Former Skid Row singer Sebastian Bach compared Guns N’ Roses frontman Axl Rose and President Donald Trump’s Twitter usage in new tweets.
Donald Trump and Axl Rose have shown to the world that twitter, facebook, and the internet, just isn't that fun any more. For opposite reasons. Like Time Magazine said: "we are losing the internet to the culture of hate" https://t.co/iFmWheSKEB
— Sebastian Bach (@sebastianbach) February 1, 2018
Bingo. Axl does not tweet at all and is the biggest rock singer on the planet. Donald Trump tweets every single day about whatever terrifying divisive thought he has in his head. Axl shows that being off Twitter is 100% cooler than being on Twitter https://t.co/uxINWqrJrD
— Sebastian Bach (@sebastianbach) February 1, 2018
Guns N’ Roses frontman Axl Rose slammed President Trump’s administration as the “gold standard of what can be considered disgraceful” a few weeks ago.
Rose made his tweets in response to a statement from White House press secretary Sarah Sanders, who was responding to questions from reporters pushing the false narrative that Trump doesn’t have the mental fitness to serve as President.

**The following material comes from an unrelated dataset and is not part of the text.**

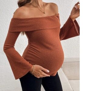 Maternity Ribbed Off Shoulder Flare Long Sleeve Top
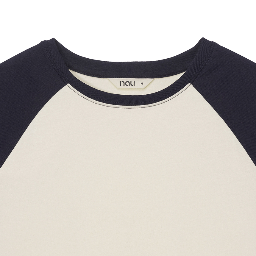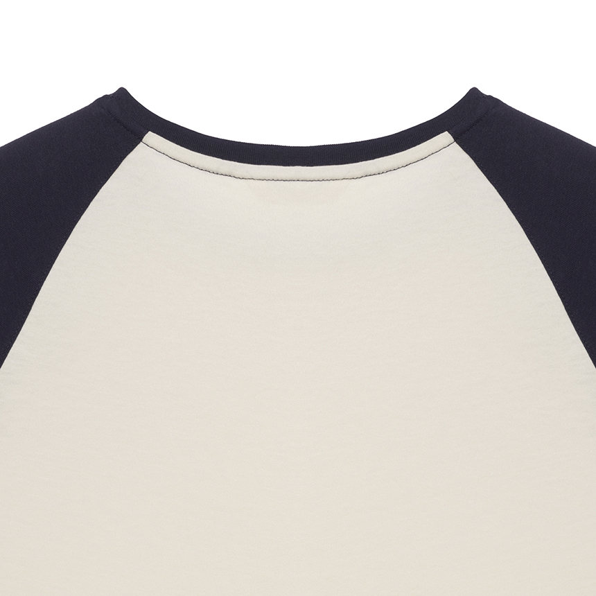 어깨선을 따라 자연스럽게 떨어지는 레글런 구조에 바디와 소매 배색 디테일을 더해 캐주얼한 포인트와 완성도를 높였습니다.

“It’s disgraceful and laughable,” Sanders told reporters about criticism aimed at the billionaire real estate mogul’s mental state. “If he was unfit, he probably wouldn’t be sitting there, wouldn’t have defeated the most qualified group of candidates the Republican Party has ever seen,” Sanders said, before praising Trump as an “incredibly strong” leader.
Rose had tweeted: “Along with several other condescending adjectives, the current [White House] has no room to call virtually anyone disgraceful. The [White House] is the current U.S. gold standard of what can be considered disgraceful.”
Guns N’ Roses’ “Not In This Lifetime” now ranks as the fourth-highest grossing tour of all time, based on Billboard’s Boxscore archives. The tour, which launched in April 2016, topped the $475 million mark in gross sales with the final show of the band’s 2017 touring schedule on November 29 in Los Angeles.
“Not In This Lifetime” has surpassed Roger Waters’s “The Wall Live” tour that earned $459 million from 2010 through 2013. U2 tops up the all-time list with $736 million from its “360°” stadium tour (2009-2011) followed by The Rolling Stones’ “A Bigger Bang” at $558 million (2005-2007). Coldplay is third with its recently completed “A Head Full Of Dreams” trek that grossed $523 million (2016-2017).